▸ Exercise prompt: Your answer must be the lines from the first record through the line that contains "Оптимальный кузов размером 1500", copied exactly and without any pictures.

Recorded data

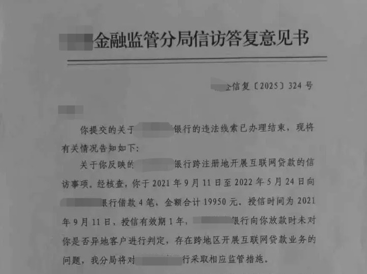 2025年10月,当地监管部门回复李先生称,经核查,该银行向李先生放款时未对其是否为异地客户进行判定,存在跨地区开展互联网贷款业务的问题,分局将对该银行采取相应监管措施。
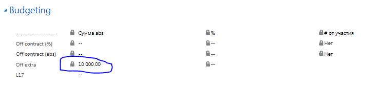 Так же, как и OffContract по статье "Channel Activation" (для KR - "BMC") выплаты Off extra записываются на всю акцию целиком в секцию Budgeting. Система автоматически распределяет сумму, которую указал КАМ (см. аналогию с контрактными инвестициями), или сумму, которую рассчитала сама система в соответствии с глубиной скидки off-invoice (см. аналогию с контрактными инвестициями), по всем участвующим в промо SKU по пропорции GES.
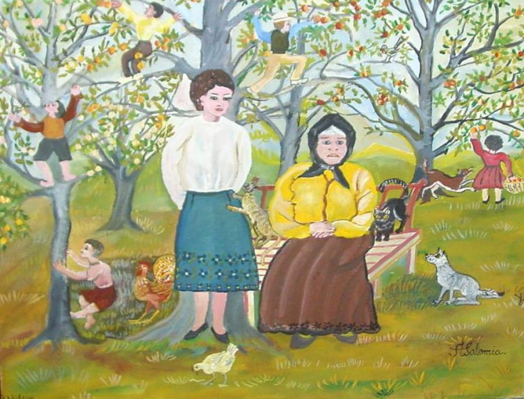 | IN THE ORCHARD by Andronic Salomia. Oil on canvas. 60 x 46 cms. Naive art. Price: Cy P 110.00 |
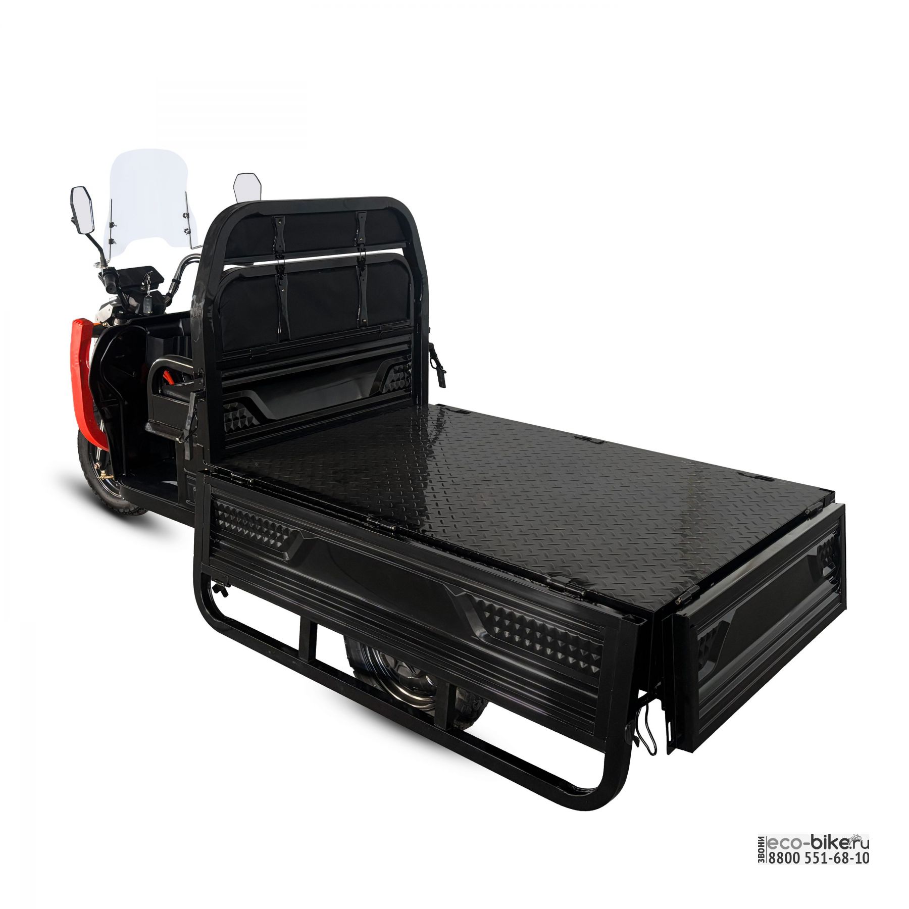 Оптимальный кузов размером 1500 × 1000 × 450 мм, усиленный вертикальными 2 рейками, откидные борта на быстросъёмных петлях с ограничителями, цельные усиленные борта из ребристого металла, двойной железный бампер, передние световые элементы, хромированный руль с перекладиной, тормозная система с ручником, усиленный грузовой мост, 5-листовая рессорная подвеска, надёжная батарея 60V 48 А·ч и пониженная передача — всё это делает модель готовой к перевозке тяжёлых грузов в ежедневной эксплуатации.
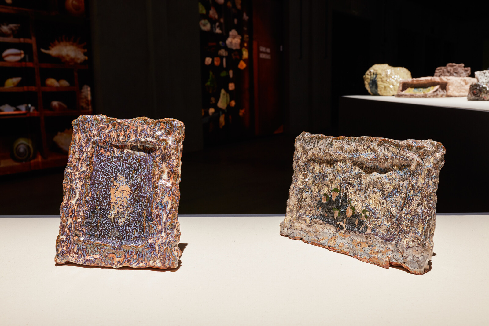The video 1620 (2020), made for this exhibition, explores a symbol of European colonization of the United States-to-be: Plymouth Rock, which is believed to have marked the place where in 1620 the Pilgrims disembarked from the Mayflower and founded the eponymous colony. A voiceover identifies in the rock the possibility of studying “narrative stem cells,” which, before they mutated, represented an earlier stage of American narrative production. Notably, this mineral relic was not mentioned in accounts of the period, first appearing in stories a century later. Baga reveals how this object has been broken and displaced in the course of its veneration, due to carelessness, bad judgment, or economic calculation. The emotional investment in this symbolic and literal cornerstone of a community’s foundational myth morphs, here, into a tale of dispersion and multiplication. It makes a daring and captivating analogy with the frail status of “truth” and individual and national identity today—not to mention current debates around the historical monuments that generations have been trained to recognize, naively, as a natural part of their heritage.
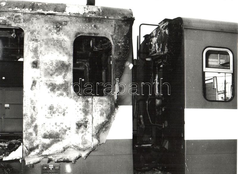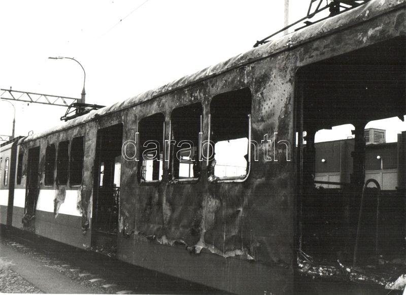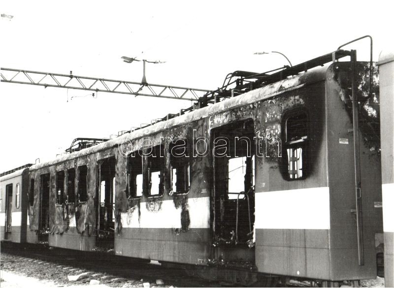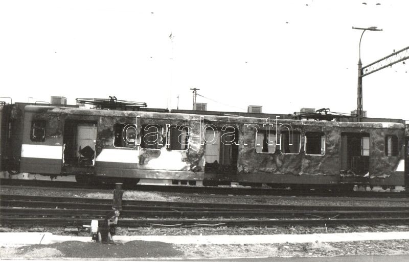 8 db helyszínelő fotó kiégett HÉV szerelvényről
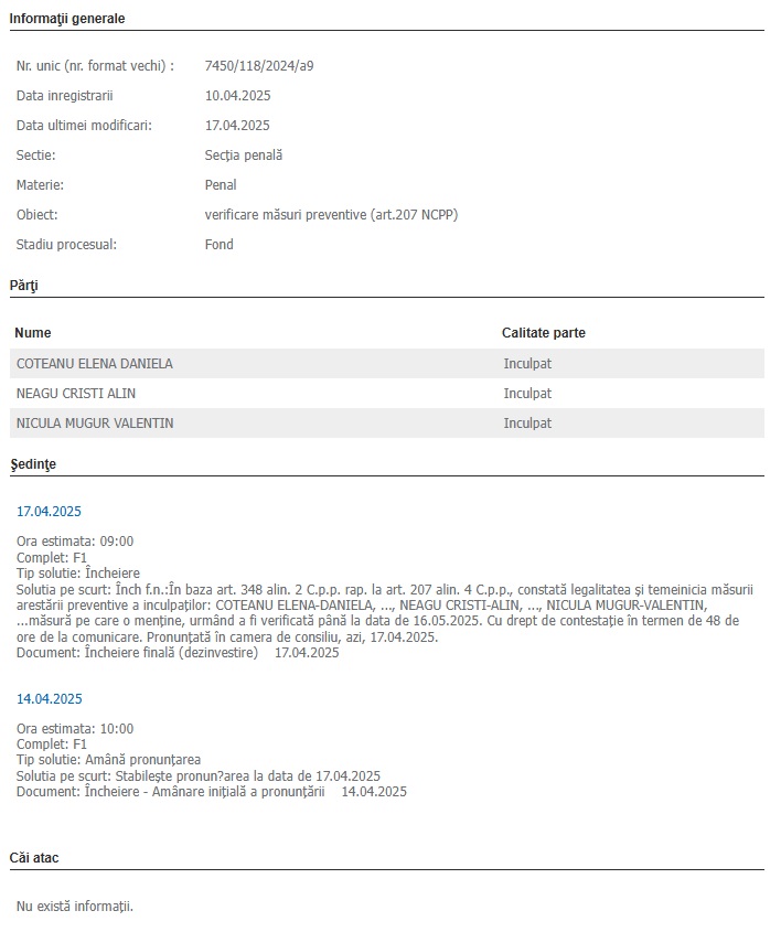 Măsura a fost luată ieri, 17.04.2025, iar potrivit portalului instanțelor de judecată, este valabilă pentru 30 de zile!
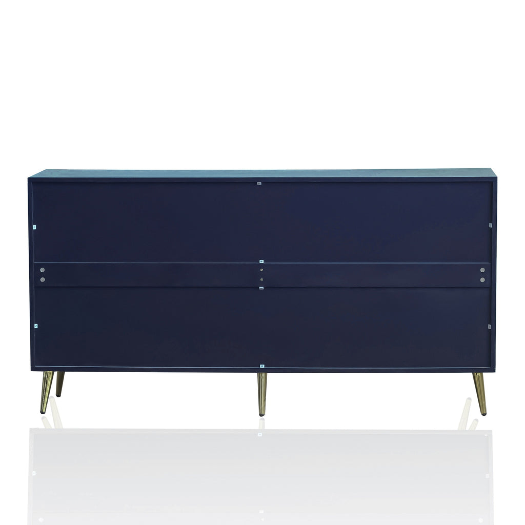 - Featuring matte navy blue lacquered finish matching with shining golden door knobs and legs, this cabinet will add a stunning look to your places.
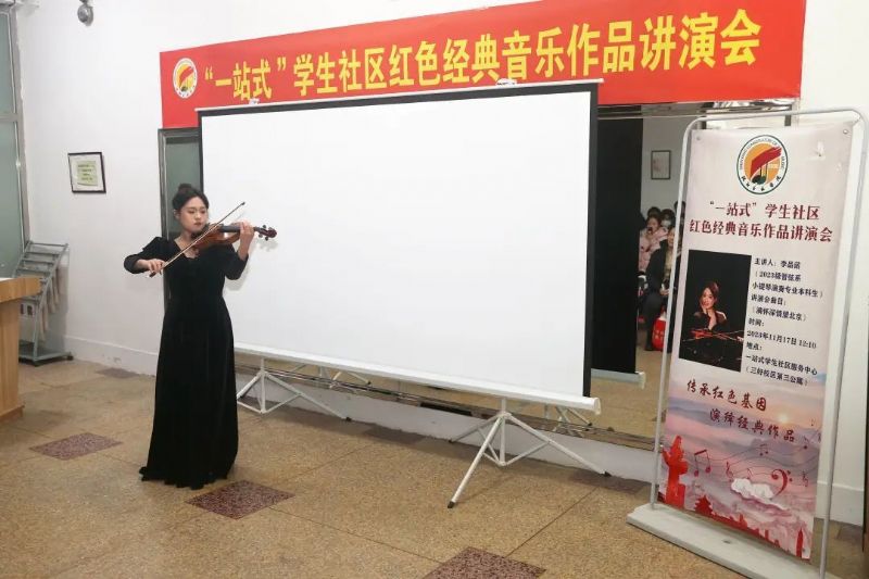 本期讲演会曲目为《满怀深情望北京》(小提琴版),由管弦系2023级本科生李品诺主讲。同时,应相关社区领导的要求,本期讲演会对往期部分优秀讲演曲目进行了展演。讲演会上,李品诺与民族器乐系2022级本科生梅依燃、民族声乐系2022级研究生黄瑶3位主讲人紧扣“红色经典音乐”主题,结合自身专业学习以及对作品的感悟,分别讲述了乐曲《满怀深情望北京》(小提琴版)、《井冈山上太阳红》(古筝版)和歌曲《万泉河水清又清》《红色娘子军军歌》等作品的创作故事,阐释了这些经典音乐作品之所以广为流传、经久不衰的原因,并详细讲解了作品曲式结构以及在演奏、演唱过程中的情感表达。李品诺和梅依燃分别为现场观众完整演奏了《满怀深情望北京》(小提琴版)和《井冈山上太阳红》(古筝版)。来自民族声乐系女子民歌合唱团的8名成员与来自钢琴系的2023级研究生于庆凯作为特邀嘉宾,与黄瑶一起为现场观众带来经典歌曲《万泉河水清又清》《红色娘子军军歌》。

▸ Result for this exercise:
 2025年10月,当地监管部门回复李先生称,经核查,该银行向李先生放款时未对其是否为异地客户进行判定,存在跨地区开展互联网贷款业务的问题,分局将对该银行采取相应监管措施。
 Так же, как и OffContract по статье "Channel Activation" (для KR - "BMC") выплаты Off extra записываются на всю акцию целиком в секцию Budgeting. Система автоматически распределяет сумму, которую указал КАМ (см. аналогию с контрактными инвестициями), или сумму, которую рассчитала сама система в соответствии с глубиной скидки off-invoice (см. аналогию с контрактными инвестициями), по всем участвующим в промо SKU по пропорции GES.
 | IN THE ORCHARD by Andronic Salomia. Oil on canvas. 60 x 46 cms. Naive art. Price: Cy P 110.00 |
 Оптимальный кузов размером 1500 × 1000 × 450 мм, усиленный вертикальными 2 рейками, откидные борта на быстросъёмных петлях с ограничителями, цельные усиленные борта из ребристого металла, двойной железный бампер, передние световые элементы, хромированный руль с перекладиной, тормозная система с ручником, усиленный грузовой мост, 5-листовая рессорная подвеска, надёжная батарея 60V 48 А·ч и пониженная передача — всё это делает модель готовой к перевозке тяжёлых грузов в ежедневной эксплуатации.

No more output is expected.